It was time for a spot of food processing this morning i.e. time to get the chickens out of the field and into the freezer. The three very pretty, light brown labelles have been living on borrowed time for several months since we kept giving them a reprieve. We can’t really do any poultry despatching when gite guests are around and our last guests only went a few weeks ago. A lot of people still don’t like to think that their meat comes from what was once a living thing, and which had to be rendered unliving somewhere along the line. It’s not particularly nice, but it has to be done and there’s no point being soppy about it. We don’t wake up in the morning thinking whoopee, today’s the day we do for our chickens. It’s a job that needs doing from time to time. We bought the chickens to eat and they really do taste extremely nice!
We only succeeded in dealing with two of them. Number three took off at a run when Chris came after her, and is probably still running! There’s a chance she may potter back tonight to the hen house from force of habit, but I’m not betting on it. She’s definitely smarter than your average chicken. And Chris has come to terms with being outwitted by her!
Roly the cat was very keen to help with the plucking when the time came.
That’s my job. I’m a left-handed plucker. I’m actually right-handed in everyday life but can be heavy-handed with that hand when pulling out feathers. The result is torn skin. Very unprofessional.
Anyway, one chicken is now in the freezer and the other is in the fridge for Friday night’s tea.
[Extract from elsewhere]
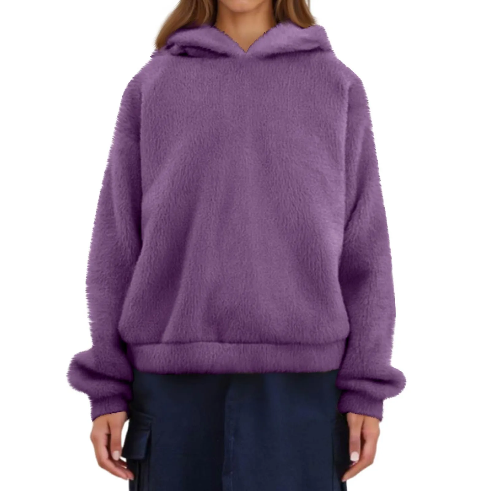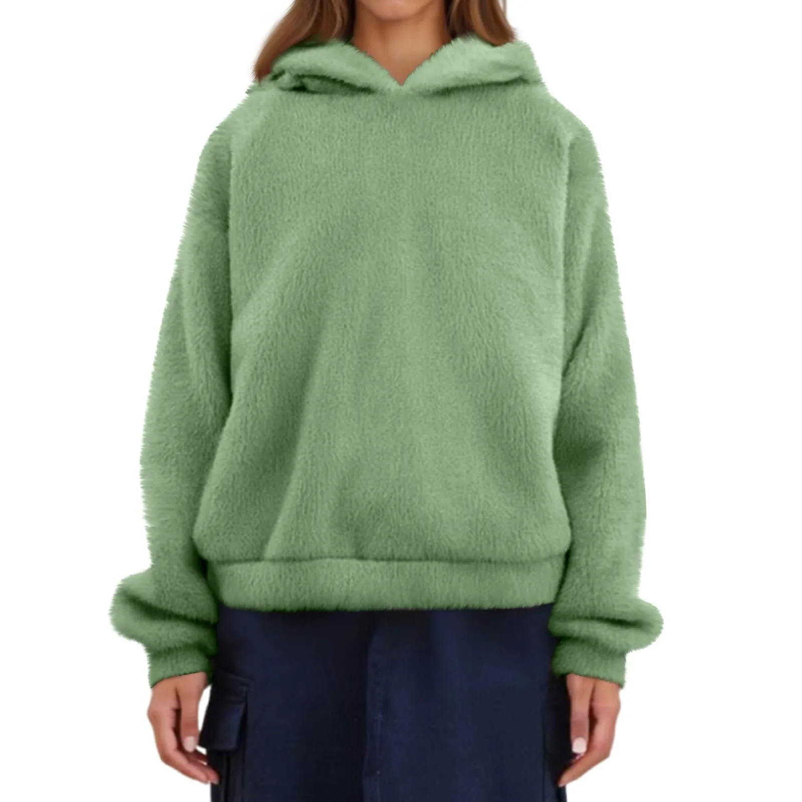 Women's Fashion Long Sleeve Solid Color Fleece Ears Hooded Warm Sweater Sweatshirt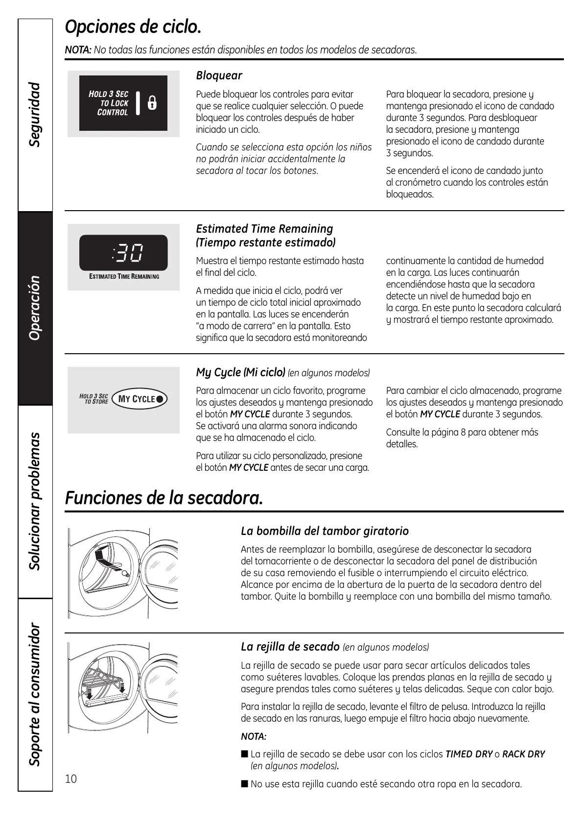 NOTA: No todas las funciones están disponibles en todos los modelos de secadoras.

Friday is also carol service night. I’m doing one of the readings, and in French! It seemed a good idea at the time when I volunteered but I’m starting to feel nervous now. Caiti has run through the pronunciation with me but there are a couple of words that keep tripping me up. Grrr. Fingers crossed I’ll get it right on the night. It’s the reading about the three kings (les roi mages) arriving in Jerusalem and asking Herod where the new king is. Hardly subtle were they!
Back to food, it’s fish feeding season. The carp in our three lakes need extra noms (you have to know what noms means! – if not, go and look up lolcats) over winter. For most of the year they get well fed by anglers, and that’s on top of the naturally occurring food for them in their environment. All our lakes are stream fed which means edible microscopic goodies are constantly being washed into them. But the carp need a top up at this time of year to keep them in good condition. Since the lakes freeze for at least several weeks each winter, we need to get plenty of food – but not too much – in for them before that happens. So every couple of days, Chris and I lob in a carefully measured amount of carp pellets into each lake to meet the demands of its population. It’s a surprisingly fun job. The pellets make a lovely ploppy sound as they hit the water and it’s refreshingly mindless to chuck them about. The four-legged animals enjoy the occasion too. There’s a line of one dog and several cats behind us every time we head off. They snaffle up all the pellets that get dropped or misthrown (mainly by me) or otherwise don’t make it into the lakes. Even the goats like the pellets, which have a very strong fishy smell, but then goats like anything!